I have a python code (Running on a raspbian OS) which reads the value of a joystick axis and then sends the value to an arduino.

At the start of the code I have typed:

import pygame

I can then use functions defined inside pygame, such as get_axis(). This all works fine.

My problem is that the get_axis() function prints the value on the python shell and LXTerminal, which is not what I want.

All of the pygame files are located in the folder:


And I know that the function I want is located inside:


But how do I open and edit this shared object file?

  • You don't, or at least, not directly. A .so file is a compiled library, i.e., it does not contain any python source. These are needed to wrap system calls and other C interface stuff. However, I'm not a python user and don't know the nitty gritty; there should be the source for this somewhere (note, it will be at least partially in C) and you could modify that and recompile. I've changed your title to better reflect what information you are looking for. This might actually be better on Stack Overflow.
    – goldilocks
    Nov 17 '14 at 13:57
  • 3
    Come over to StackOverflow and show us your code. There's nothing wrong with get_axis(), you're just using it wrong. We'll need to see a small code example in order to show you how to fix your mistake. But I bet get_axis() is printing its result because you're calling the function in the interactive interpreter without assigning the result to a variable, so the interpreter is simply printing the result.
    – PM 2Ring
    Nov 17 '14 at 14:16
  • Have you familiarised yourself with the Pygame docs and started working through the tutorials?
    – PM 2Ring
    Nov 17 '14 at 14:19
  • @PM2Ring Thank you.

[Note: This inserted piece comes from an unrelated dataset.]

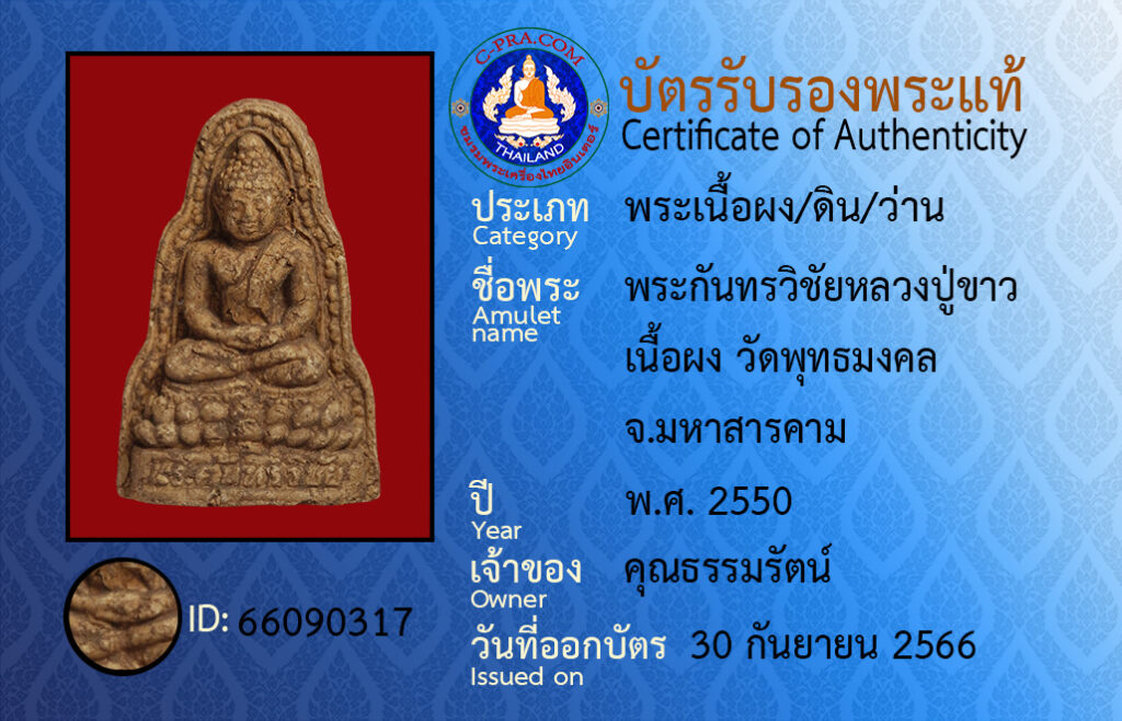 ชื่อพระ: พระกันทรวิชัยหลวงปู่ขาว เนื้อผง วัดพุทธมงคล จ.มหาสารคาม

I have posted the question here
    – Blue7
    Nov 17 '14 at 15:41

You normally don't edit a shared object file, you compile it from the sources after editing it.

You can download the sources for pygame, the latest released sources are http://pygame.org/ftp/pygame-1.9.1release.tar.gz.

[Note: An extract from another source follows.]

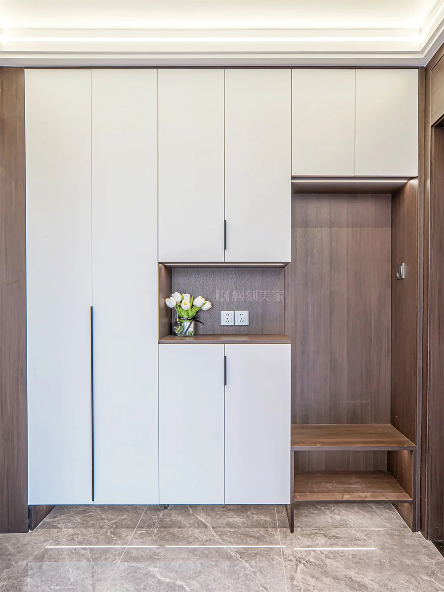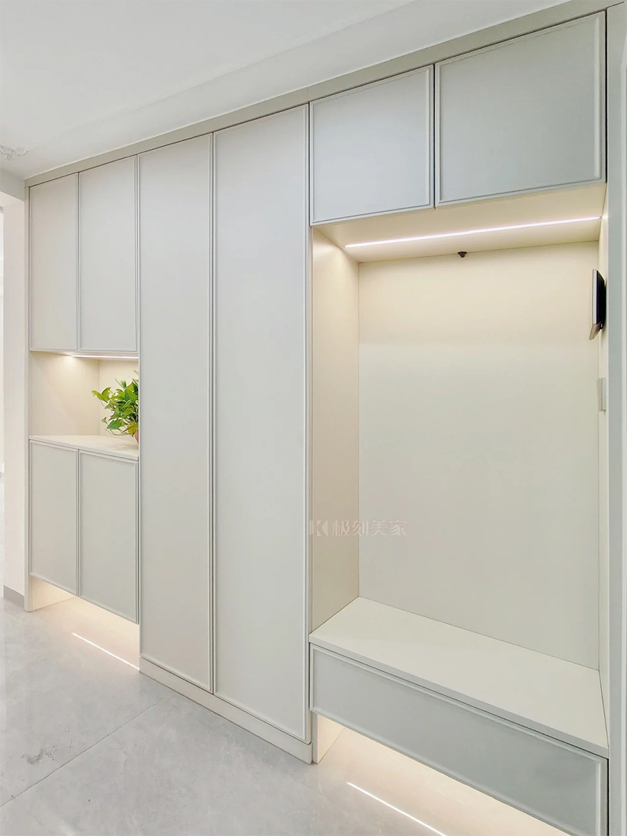 鞋柜中部和底部留空或穿插設(shè)計(jì),增添呼吸空間

If you download that, the actual sources for the joystick.so are under src/joystick.c. Compilation/installation is not done via the common ./configure, make and make install routines as this is a Python package. In order to compile/install you call:

python setup.py install 

in the base directory of the extracted tar file.

The compilation depends on several packages, unfortunately there is no clear overview of what needs to be installed (smpeg, videodev.h), so it might require some searching in order to get that to install, depending on how clean your machine is to start with.